The Liberal Democrats think they have the answer - proportional representation, or PR.
It's the dominant system in Europe, where most governments involve coalitions. Smaller parties are able to at least win a toehold in parliament, while in Britain they tend to be squeezed out.
According to Prof. van der Eijk, reform of Britain's voting system is not a "hot" issue, but the average voter, when pressed, would likely agree that the current system is not fair. "On the other hand, there are trade-offs. Do people want a system in which one representative can very clearly be identified with the area in which they have been elected? Or do you want a higher degree of proportionality, in which the links between citizens and their own representative tends to be weaker?"
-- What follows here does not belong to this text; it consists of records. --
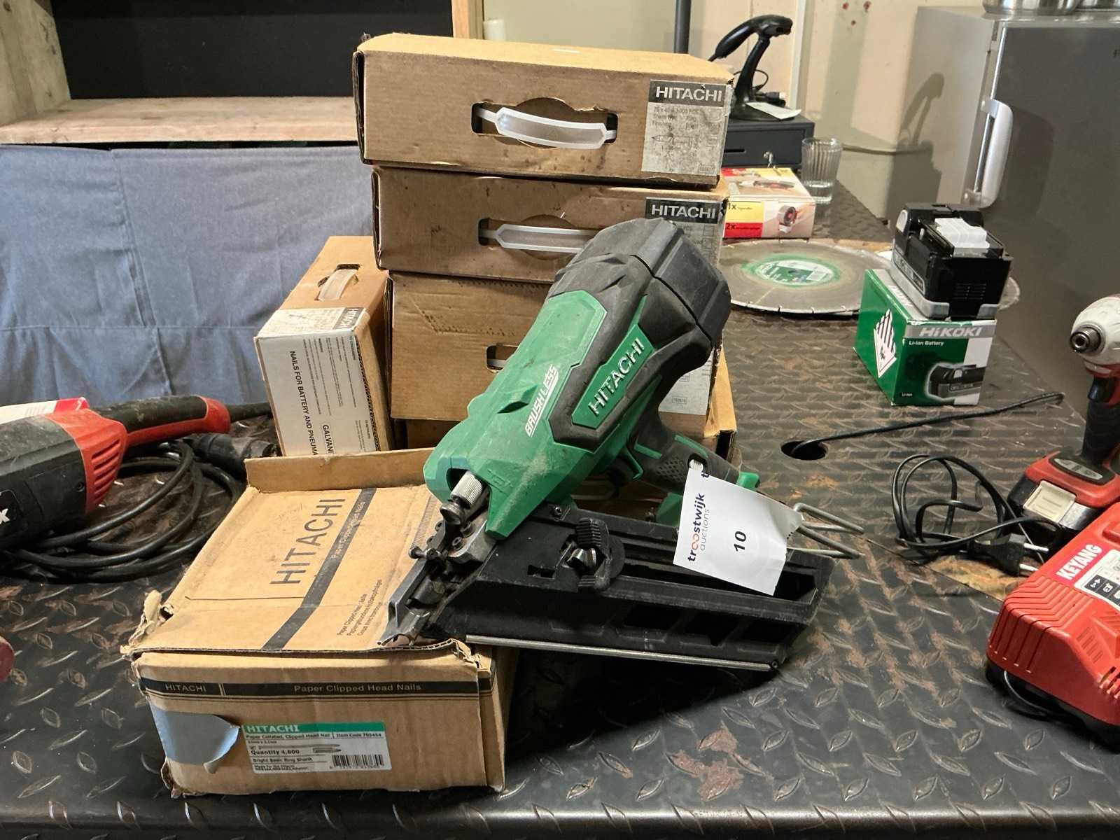 Met 6 dozen stripnagels. Zonder accu en zonder acculader. Nee Merk: Hitachi Type: NR1890DBCL Bouwjaar: 2017 Accuspanning: 18V
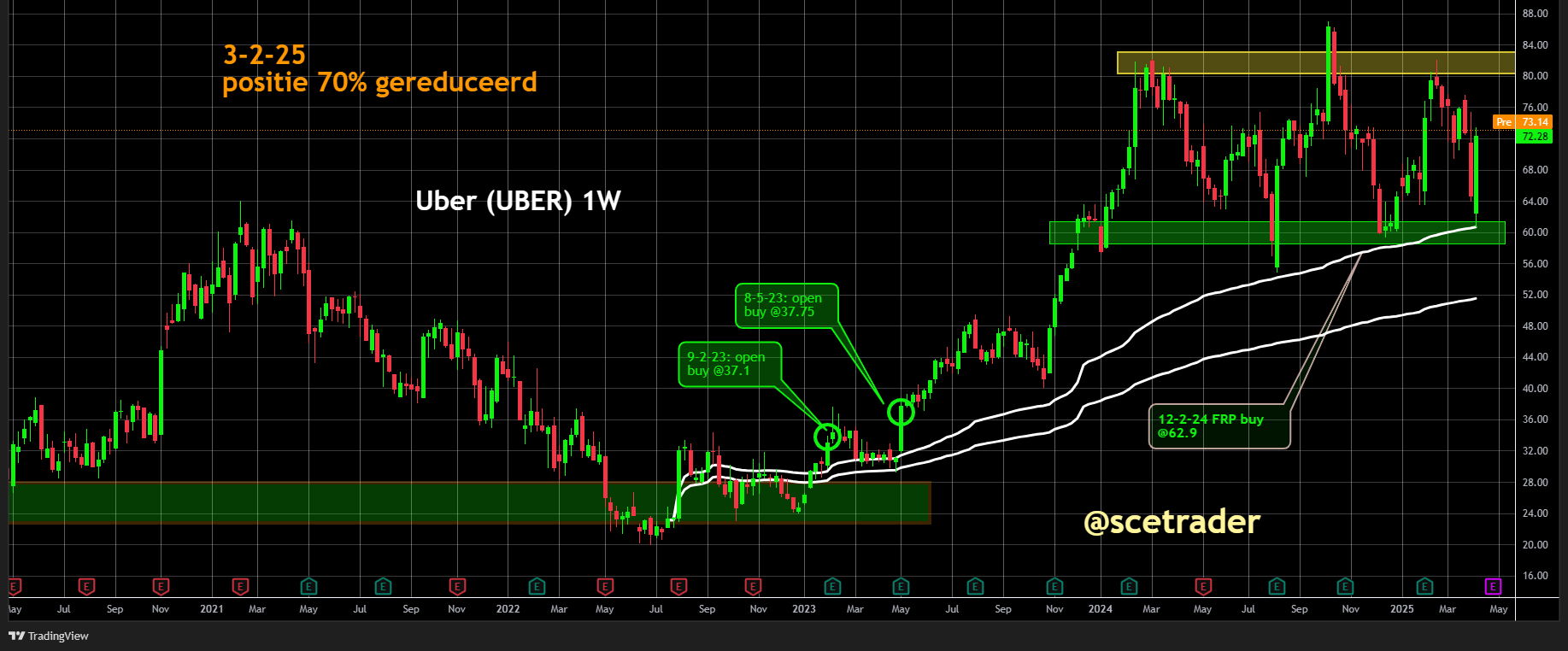 Uber blijft opvallend sterk liggen, ook na het moment waarop op 3 februari 70 procent van de positie werd afgebouwd.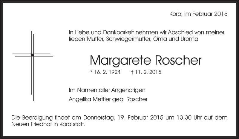 Hier finden Sie alle Traueranzeigen aus der Zeitung, die bisher für Margarete Roscher erschienen sind. Weitere Traueranzeigen, die in der Zeitung erscheinen, werden hier ebenfalls aufgelistet
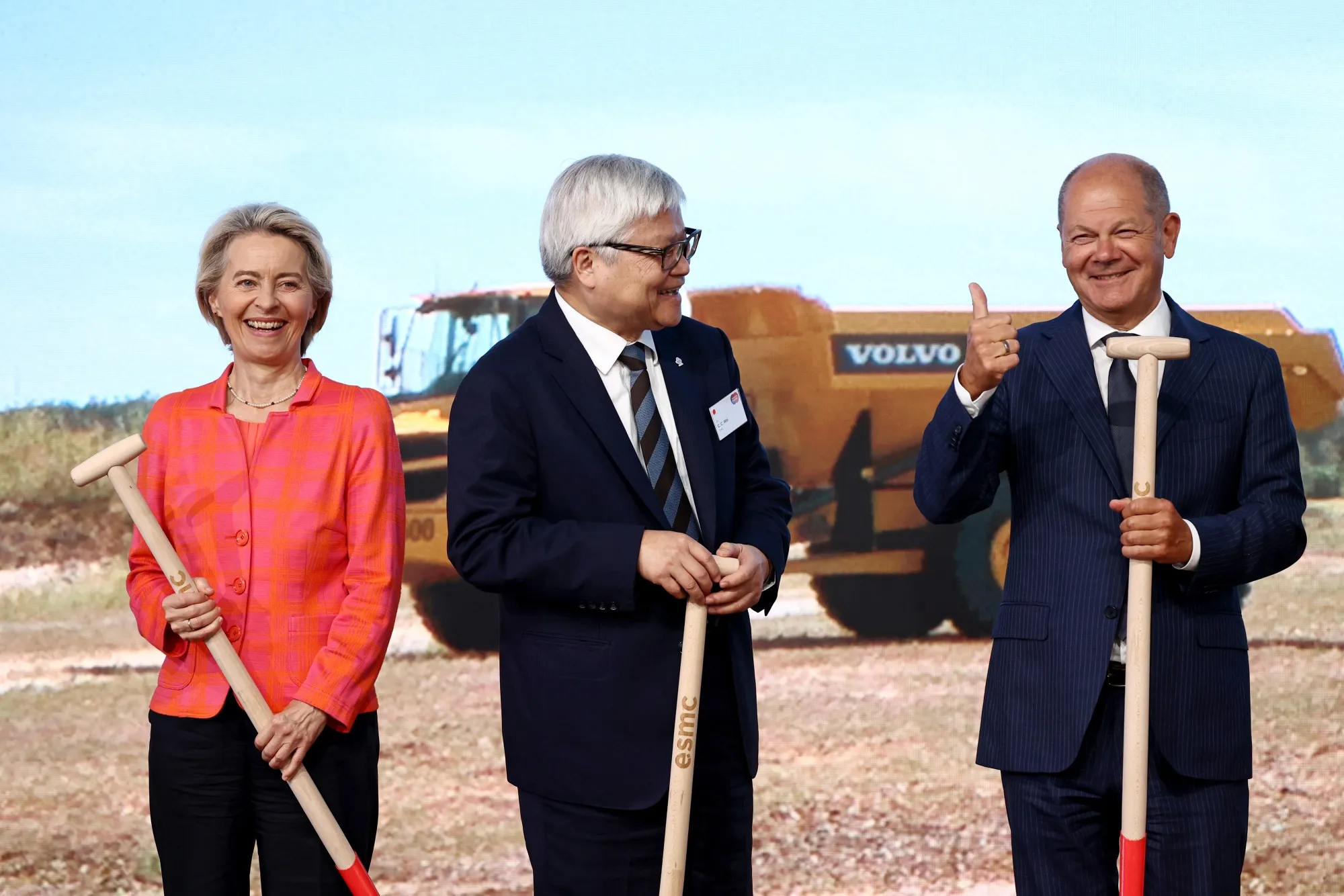 正是在德累斯顿附近的这块土地上,肖尔茨总理手握铲子,为台湾半导体制造公司的一座大型工厂奠基,在一个炎热的日子里,时间是八月。他急于率先开始挖掘,身旁还有欧洲委员会主席乌尔苏拉·冯·德莱恩和其他贵宾。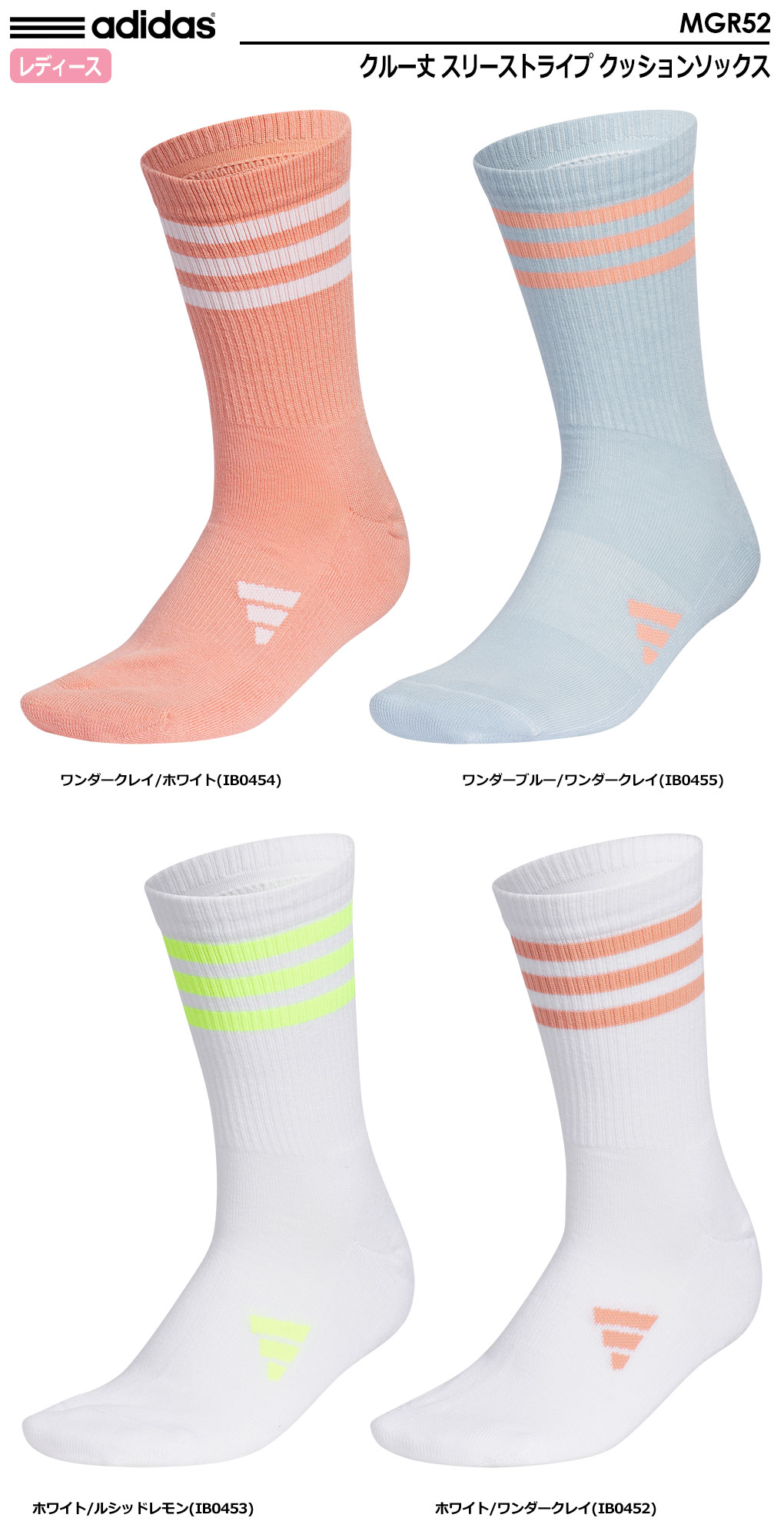【毎日発送】アディダス クルー丈 スリーストライプ クッションソックス MGR52 レディース adidas 2023秋冬モデル 日本正規品

One argument for PR centers on encouraging greater participation in the democratic process. Worries have increased in the U.K. after the past two general elections were particularly notable for their low levels of turnout, with 59 percent of the electorate voting in 2001 and 61 percent in 2005
"If you look at a number of systems and at the degree of proportionality between the election and the outcome, then you do see that turnout is higher when proportionality is higher," says van der Eijk.
WHAT KIND OF PR?
If the Liberal Democrats get their way, Britain would have a myriad of PR models to choose from.
One option might be to borrow from Ireland, which operates a variant of PR known as The Single Transferable Vote (STV), in which constituencies have multiple representatives. Its main benefit is to reduce wasted votes for either very popular candidates or those with no chance of winning.
Yet according to Adrian Kavanagh of Ireland's University of Maynooth, who has closely studied Irish election turnout, Irish voter participation is low relative to the rest of Europe.
"(With PR) you are less likely to get a spike in the turnout because you don't have ... seats where the result is almost already well known. In Ireland, every constituency is competitive because PR-STV makes for close elections."
If the final newspaper polls of the campaign in Britain are anything to go by, Britain is heading for its closest election in decades.
All put Conservatives in the lead with support ranging between 35 percent and 37 percent. Labour is running second with 28-29 percent support and the Liberal Democrats are on 26 percent.
Applied evenly around the country, the figures would make the Tories the largest party, with between 268 and 294 seats in the House of Commons, but leave them well short of the 326 MPs needs to form a government.